Slate saw their traffic from Facebook drop by 87% in a year after changes in how FB prioritises news and personal messages in your timeline. Talking Points Memo reflects on it and doing so formulates a few things I find of interest.
TPM writes:
“Facebook is a highly unreliable company. We’ve seen this pattern repeat itself a number of times over the course of company’s history: its scale allows it to create whole industries around it depending on its latest plan or product or gambit. But again and again, with little warning it abandons and destroys those businesses.” …”Google operates very, very differently.”..”Yet TPM gets a mid-low 5-figure check from Google every month for the ads we run on TPM through their advertising services. We get nothing from Facebook.”..”Despite being one of the largest and most profitable companies in the world Facebook still has a lot of the personality of a college student run operation, with short attention spans, erratic course corrections and an almost total indifference to the externalities of its behavior.”
This first point I think is very much about networks and ecosystems, do you see others as part of your ecosystem or merely as a temporary leg-up until you can ditch them or dump externalities on.
The second point TPM makes is about visitors versus ‘true audience’.
“we are also seeing a shift from a digital media age of scale to one based on audience.
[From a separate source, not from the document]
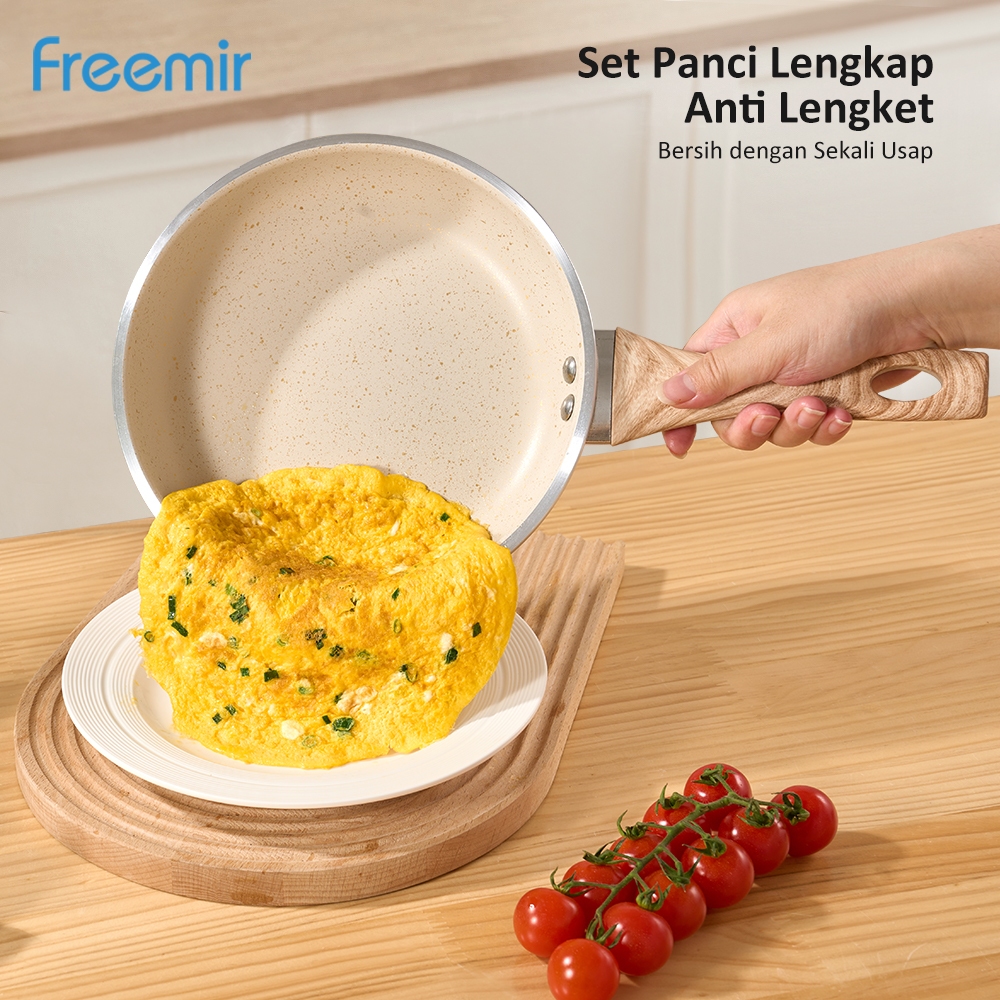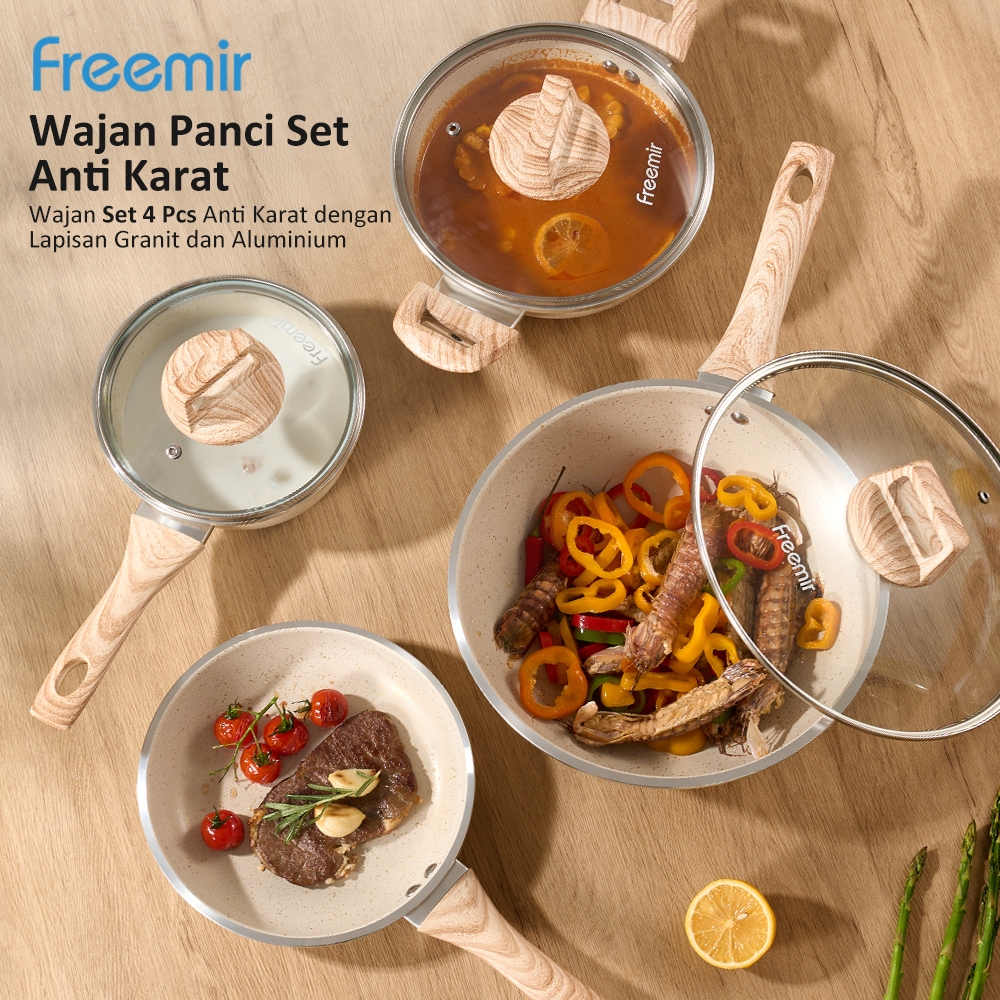 freemir Wajan Panci Set 7Pcs 26/20/20/16cm Granite Anti LengketTutup Kaca Alat Masak Lengkap
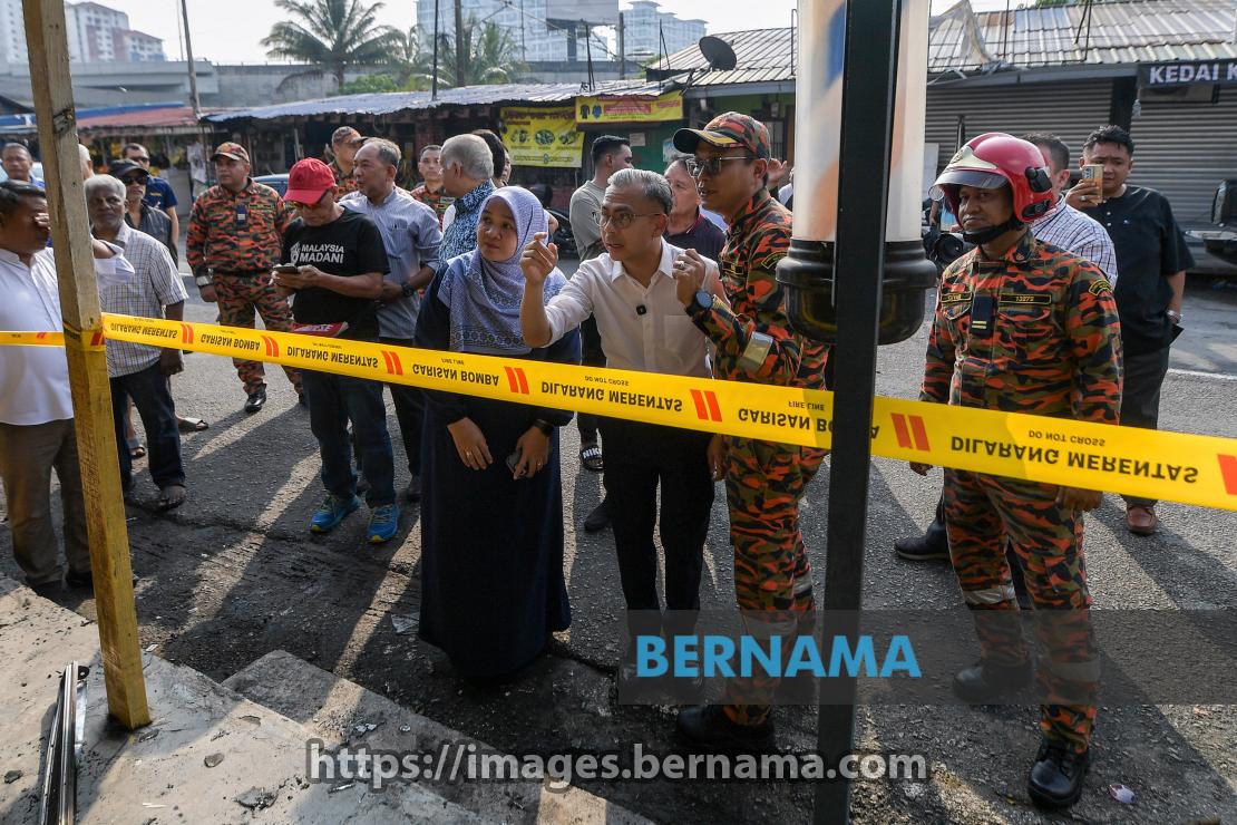 KUALA LUMPUR, 8 Ogos -- Menteri Komunikasi yang juga Ahli Parlimen Lembah Pantai, Datuk Fahmi Fadzil (tiga, kanan) mendengar taklimat daripada Ketua Balai Bomba dan Penyelamat Jalan Pantai Baharu, Wan Mohd Shahrir Azizi Wan Said (dua, kanan) ketika melawat lokasi kebakaran yang menyebabkan beberapa buah lot kedai dan rumah di Pantai Dalam terbakar dalam kejadian malam tadi.

As with most things in life, bigger is, all things being equal, better. But the size of a publication has no necessary connection to its profitability or viability.” It’s a path to get to a monopoly that works for tech (like FB) but not for media, the author Josh Marshall says. “…the audience era is vastly better for us than the scale era”
Audience, or ‘true audience’ as TPM has it, are the people who have a long time connection to you, who return regularly to read articles. The ones you’re building a connection with, for which TPM, or any newsy site, is an important node in their network. Scaling there isn’t about the numbers, although numbers still help, but the quality of those numbers and the quality of what flows through the connections between you and readers. The invisible hand of networks more than trying to get ever more eye-balls.
Scale thinking would make blogging like I do useless, network thinking makes it valuable, even if there are just 3 readers, myself included. It’s ‘small b’ blogging as Tom Critchlow wrote a few months ago. “Small b blogging is learning to write and think with the network“. Or as I usually describe it: thinking out loud, and having distributed conversations around it. Big B blogging, Tom writes, in contrast “is written for large audiences. Too much content on the web is designed for scale” and pageviews, where individual bloggers seem to mimick mass media companies. Because that is the only example they encounter.